What are the advantages of an adjustable-rate mortgage?
The type of mortgage that your clients choose for their home can have a major impact on their long-term perspective on the purchase. And no single type of mortgage is right for everyone.
Understanding what makes an adjustable-rate mortgage attractive can go a long way toward providing useful, relevant advice to your clients. Use this information to offer informed guidance if your clients have questions about adjustable-rate mortgages and if that option is right for them.
What is an adjustable interest rate?
An adjustable interest rate, in the context of loans like mortgages, is an interest rate that isn’t set in stone. Instead of deciding on a fixed interest rate before issuing a mortgage, the lender will adjust it periodically over the life of the loan.
The terms can vary significantly from one loan to the next, and often include a fixed interest rate to start before moving into the adjustment period. A 5/1 adjustable-rate mortgage (commonly abbreviated to 5/1 ARM), involves a five-year term with a fixed interest rate. Once that term expires, the rate will change on a yearly basis.
What factors affect an adjustable-rate mortgage?
Both the performance of the economy and the lender’s interest in benefitting from issuing a home loan affect an adjustable-rate mortgage.
The interest rate of an ARM includes two major factors: the index and the margin.
The index is a benchmark interest rate that reflects general economic conditions, as the Consumer Financial Protection Bureau explained. There are several indices that lenders can choose to use, but they generally reflect the same information.
The other element is the margin. This is an additional number of percentage points added to the loan by the lender as a way to earn money on their investment. The CFPB pointed out that borrowers can and should compare margins between different lenders.
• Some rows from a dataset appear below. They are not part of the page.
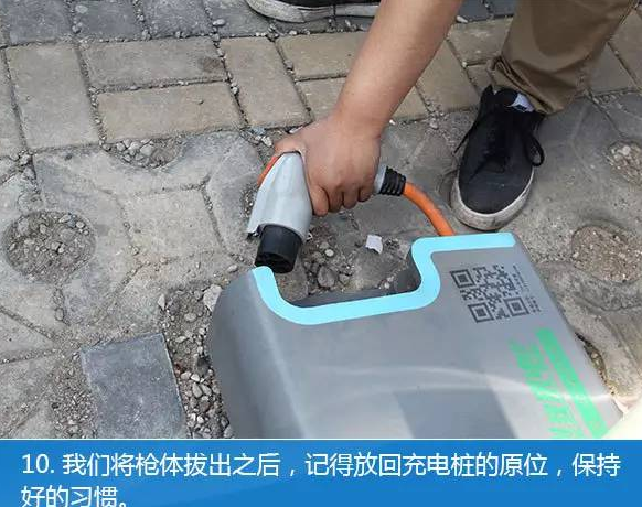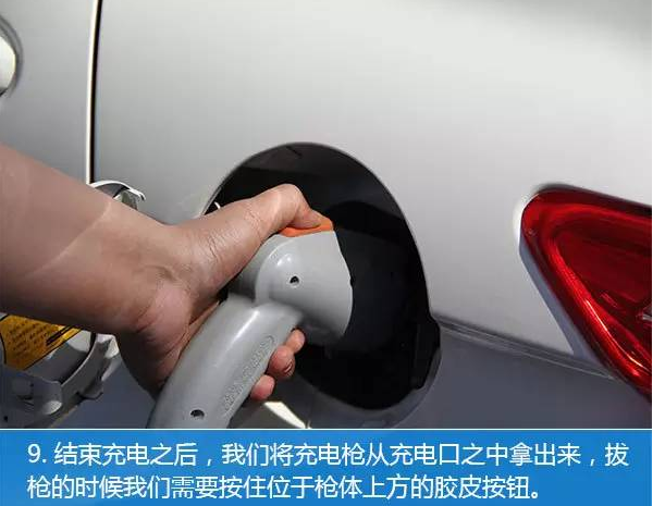 9. 拔出充电枪时,需要按住枪体上方的橡胶按钮。
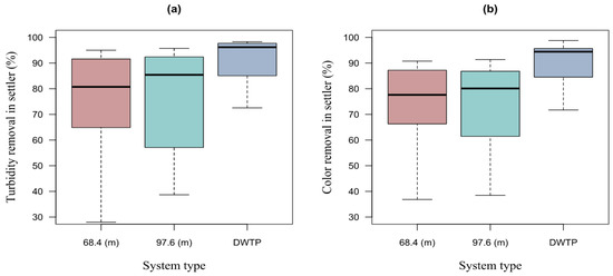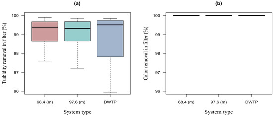 Using the values of the turbidity and color removal efficiency, a box plot was made, using the length of 68.4 m and 97.6 m of the HTF. Likewise, a box plot was made with the removal values obtained from the DWTP. These box plots permitted us to analyze the turbidity and color removal efficiency of the Bayas DWTP settler vs. the pilot settler, as well as the turbidity and color removal efficiency of the Bayas DWTP filter vs. pilot filter. The R Studio program was used for the described analysis.
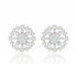 These exquisite earrings showcase a dazzling floral cluster design, meticulously crafted in warm yellow gold and set with numerous sparkling lab grown diamonds. Each earring features a central arrangement of larger, brilliant-cut round lab grown diamonds, tightly clustered together to create a focal point of intense brilliance. Surrounding this central cluster are multiple layers of smaller, round-cut lab grown diamonds, arranged in a radiating pattern that evokes the delicate petals of a flower in full bloom. The setting of the lab grown diamonds is in yellow gold, which provides a rich and classic contrast to the brilliance of the clear lab grown diamonds.
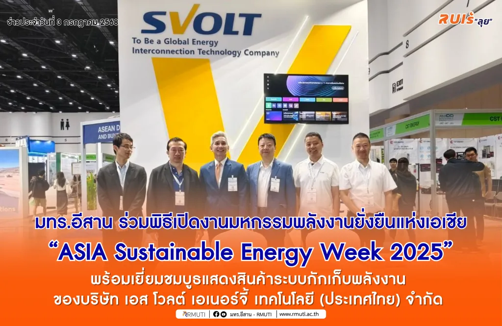 วันที่ 3 กรกฎาคม 2568 มหาวิทยาลัยเทคโนโลยีราชมงคลอีสาน โดย รองศาสตราจารย์ ดร.โฆษิต ศรีภูธร อธิการบดี มทร.อีสาน มอบหมายให้ ผู้ช่วยศาสตราจารย์ ดร.ระบิล พ้นภัย รองอธิการบดีฝ่ายวิชาการและวิเทศสัมพันธ์ เข้าร่วมพิธีเปิดงานมหกรรมพลังงานยั่งยืนแห่งเอเชีย “ASIA Sustainable Energy Week 2025” พร้อมเยี่ยมชมบูธแสดงสินค้าระบบกักเก็บพลังงาน ของบริษัท เอส โวลต์ เอเนอร์จี้ เทคโนโลยี (ประเทศไทย) จำกัด บริษัทที่มุ่งเน้นการทำผลิตภัตภัณฑ์และบริการด้านพลังงานสะอาดที่เป็นมิตรกับสิ่งแวดล้อม โดยมีสำนักงานใหญ่ในเมืองฉางโจว มณฑลเจียงซู ประเทศสาธารณรัฐประชาชนจีน ณ ศูนย์การประชุมแห่งชาติสิริกิติ์ (QSNCC) กรุงเทพมหานครฯ โดยภายในพิธีเปิด อินฟอร์มา มาเก็ตส์ พร้อมด้วยกระทรวงพลังงาน และภาคีเครือข่ายในทุกภาคส่วนร่วมกันเปิดงาน ASIA Sustainable Energy Week 2025 (ASEW) งานแสดงเทคโนโลยีและนวัตกรรมด้านพลังงานยั่งยืนแห่งเอเชีย เวทีที่ส่งเสริมความร่วมมือระหว่างภาครัฐ-เอกชน และเป็นกลไกขับเคลื่อนนโยบายพลังงานสะอาดระดับภูมิภาค โดยได้รวบรวมผู้เชี่ยวชาญ องค์กร และเครือข่ายด้านพลังงานจากทั่วโลกไว้ในเวทีเดียว โดยมีเป้าหมายร่วมกันเปลี่ยนผ่านสู่พลังงานสะอาด และ Net Zero อย่างเป็นรูปธรรม เพื่อยกระดับบทบาทของไทยสู่การเป็นศูนย์กลางนวัตกรรมพลังงานสะอาดของภูมิภาค
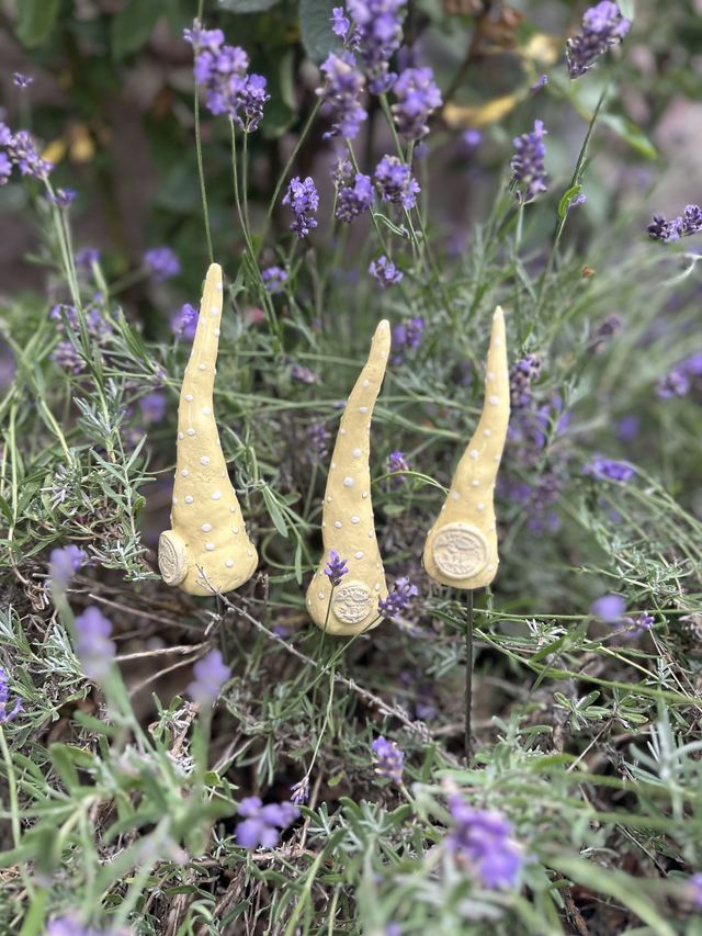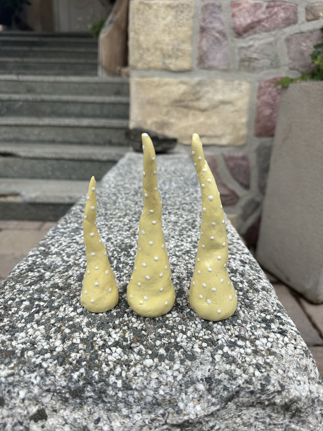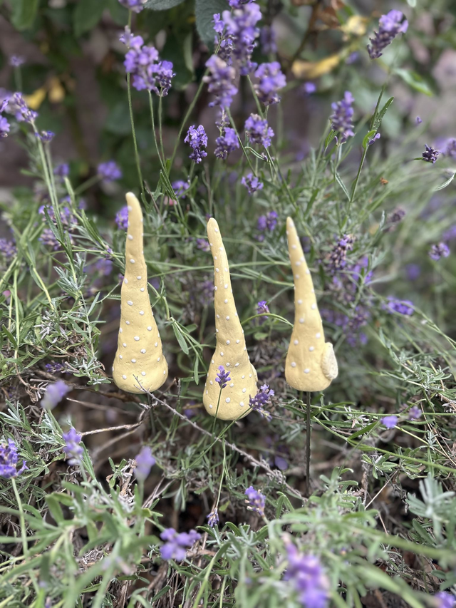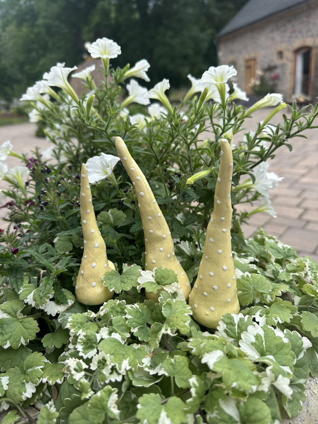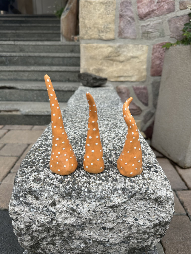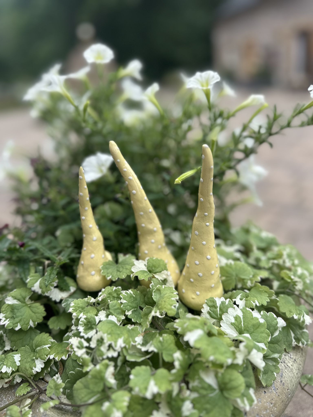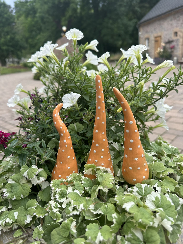 Dreierpack kleine Keramikzipfel im Fliegenpilz-Look! Perfekt für die Deko in Blumentöpfen und kleine Beeten. Dieses Trio verleiht deinen Pflanzen den ultimativen Style-Kick. Einfach auf einen Stab stecken oder direkt in die Erde setzen. In meinem Shop gibt's eine bunte Farbpalette!

Additionally, the margin can sometimes be negotiated in the borrower’s favor.
Do conventional mortgage loans have fixed rates?
The short answer is yes. Lenders like banks offer conventional loans with both fixed and adjustable interest rates.
A conventional mortgage loan is simply a loan offered entirely through a lender, such as a bank or other financial institution. It contrasts with the various loans supported by government agencies like the Federal Housing Administration, among others.
How often does an adjustable-rate mortgage adjust?
Adjustable-rate mortgages can adjust on many different schedules, based on the terms set by a lender.
A yearly change after the introductory fixed-rate period expires is common, but not the only approach used by financial institutions. They could change on a quarterly basis or once every set number of years. It’s crucial that your clients understand that they need to discuss the frequency of the rate adjustment with their lender to build a more complete understanding of their loan.
Is an adjustable-rate mortgage a good idea?
An adjustable-rate mortgage can be a good idea if it aligns with the goals, financial position and interests of the buyer. It can be a bad idea for the same reason.
Because home buyers have many different reasons for purchasing a home, from a temporary living space or vacation destination to a place they plant to live for decades, it’s impossible to say that an adjustable-rate mortgage is always a good or bad idea. What can help is looking at the key circumstances that make such a loan a good or bad idea.
An adjustable-rate mortgage may be a good idea if:
- The home buyer believes interest rates or general market conditions will drop in the near or medium-term future, which would lead to a lower mortgage payment each month.
- The buyer only wants to own the property for a short period of time. The fixed portion of an adjustable-rate mortgage – like the five-year period in the 5/1 ARM we previously discussed – often offers a low interest rate, as the Motley Fool detailed.
An adjustable-rate mortgage may be a bad idea if:
The buyer believes interest rates or general market conditions will rise after their introductory, low-rate period ends.
- The buyer values consistency and doesn’t want to contend with the possibility of higher interest rates and larger payments in the future.
- Similarly, the buyer has found a low fixed interest rate offered by a lender.